EACR25-1892
BRAF is a critical oncogene driving tumorigenesis in multiple cancer types, including melanoma, colorectal cancer, and non-small cell lung cancer. Advances in comprehensive genome profiling reveals a growing number of alterations whose clinical significance remains undefined due to the lack of functional testing. The clinical interpretation of these variants of unknown significance in BRAF pose significant challenges for personalized treatment, particularly non-V600 variants such as CRAF-dependent class-III BRAF variants. By focusing on the functional impact of these lesser-known BRAF alterations, this study aims to elucidate their role in MAPK pathway activation and assess their potential as actionable targets in cancer therapy.
We collected BRAF variants detected in cancer patients analyzed at our center between 2021 and 2025. The cohort consists of 3520 and 972 samples for DNA and RNA, respectively. For functional testing, we selected a previously uncharacterized FNBP1::BRAF fusion and several uncharacterized non-V600 BRAF variants (E510K, G466A, E549Q, E695Q), which were introduced into plasmids via Golden Gate cloning or site-directed mutagenesis, respectively. HEK-293T cells were transfected with wild-type or mutant BRAF plasmids alone or co-transfected with CRAF. After 48 hours, proteins were isolated, and p-ERK levels analyzed by western blot. Cells transfected with FNBP1::BRAF were treated with MEK and RAF inhibitors for two hours to assess p-ERK inhibition.
BRAF variants were processed to remove artefacts, low quality variants and intronic/synonymous variants, yielding a total of 247 variants. Of those, 20% are of unknown significance, with 27% located in the kinase domain, 5% in the cysteine-rich domain, and 16% in the Ras-binding domain. Functionally, cells expressing FNBP1::BRAF, identified in a glioma patient, exhibited elevated ERK activation, with p-ERK levels similar to BRAF p.V600E-transfected cells. Treatment with RAF inhibitor Dabrafenib or MEK inhibitor Trametinib and their combination successfully reduced p-ERK levels. BRAF p.E501K and BRAF p.E549Q showed kinase impairment when mono-transfected, but CRAF presence triggered ERK hyperactivation, suggesting a class-III BRAF variant. In contrast, BRAF p.G466A led to elevated p-ERK signals, regardless of CRAF presence. BRAF p.E695Q did not cause pathway overactivation, regardless of CRAF-presence.

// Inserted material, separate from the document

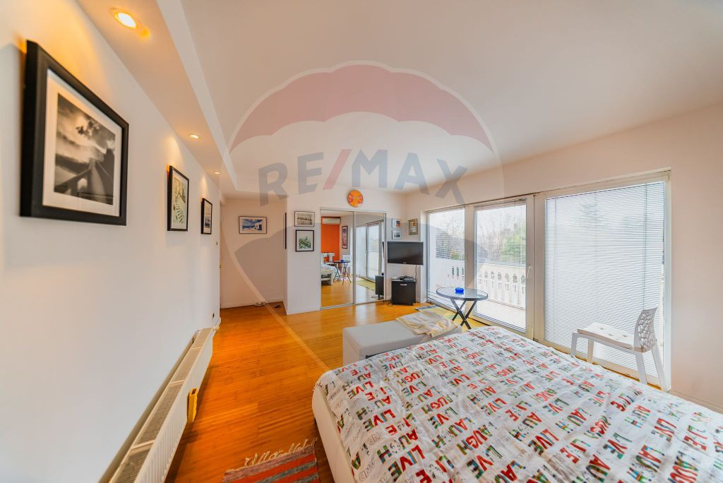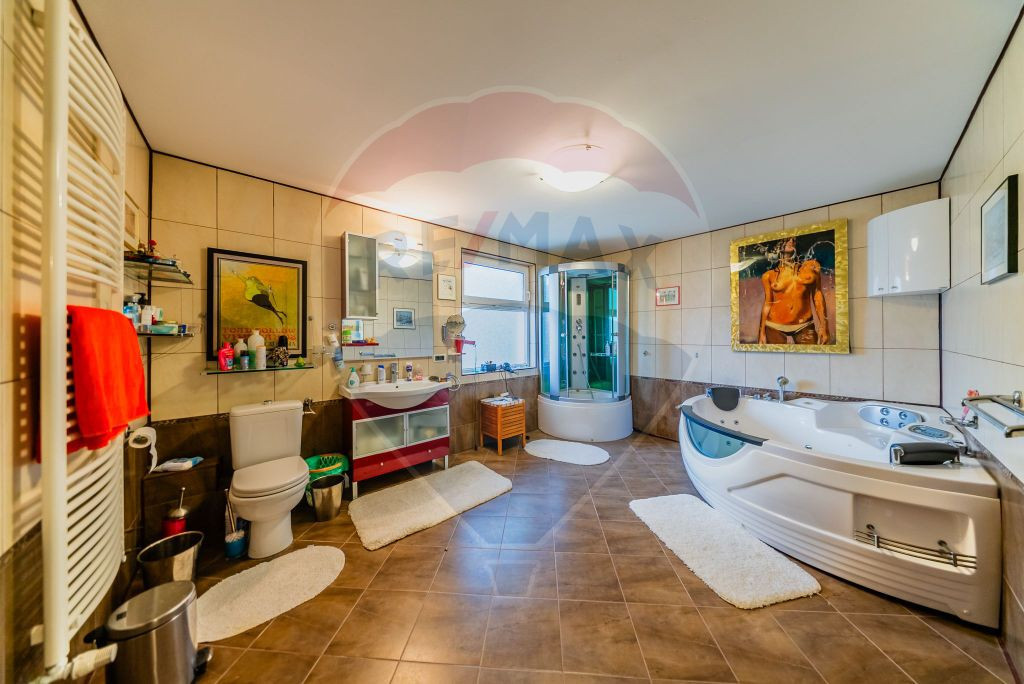 RE/MAX Dynamic va propune in exclusivitate spre vanzare o vila cu 4 camere situata intr-una dintre cele mai cautate zone ale orasului Arad, Subcetate. Construcția casei a fost finalizata in 2010, la standarde inalte, cu materiale de calitate superioara si a fost construita pe un teren cu o suprafața de 921 mp, cu un front stradal de 20m. Compartimentarea este dupa cum urmeaza : *La parter se afla un hol mare de 50mp, un living de 60mp cu șemineu si cu o deschidere pe terasa, un dormitor cu dressing, o baie de 16mp cu jacuzzi si cabina de dus, o bucătărie echilibrata ca dimensiuni cu ieșire pe terasa si un garaj spațios pentru doua mașini. * La etaj găsiți 2 dormitoare, fiecare cu dressing si balcon si o baie de 16mp tot cu jacuzzi si cabina de dus. * La subsol găsiți o sauna, o camera de relaxare si un spațiu pentru depozitare. Confortul termic este asigurat prin centrala proprie pe gaz, prin pardoseala si prin calorifere. Imobilul beneficiază de o terasa superba in suprafata de 80 mp acoperita cu gresie anti-alunecare importata din Spania , piscina de 66mp(11/6) unde va puteți răcorii in zilele toride , o camera tehnica cu baie de servici langa piscina , iaz cu pesti ,cuptor special amenajat . Aceasta locuinta imbina perfect utilitatea , calitatea si confortul . Pentru mai multe detalii si / sau programarea unei vizionari va astept cu drag la numarul de telefon .

This study identifies FNBP1::BRAF as a previously uncharacterized potential driver of glioma. Trametinib and Dabrafenib effectively reversed its constitutive ERK phosphorylation. Additionally, BRAF p.E501K and BRAF p.E549Q are likely pathogenic class-III BRAF variant, as it exhibits CRAF dependent ERK hyperactivation. In contrast, BRAF p.G466A is a likely pathogenic BRAF variant that induces ERK hyperactivation independent of CRAF.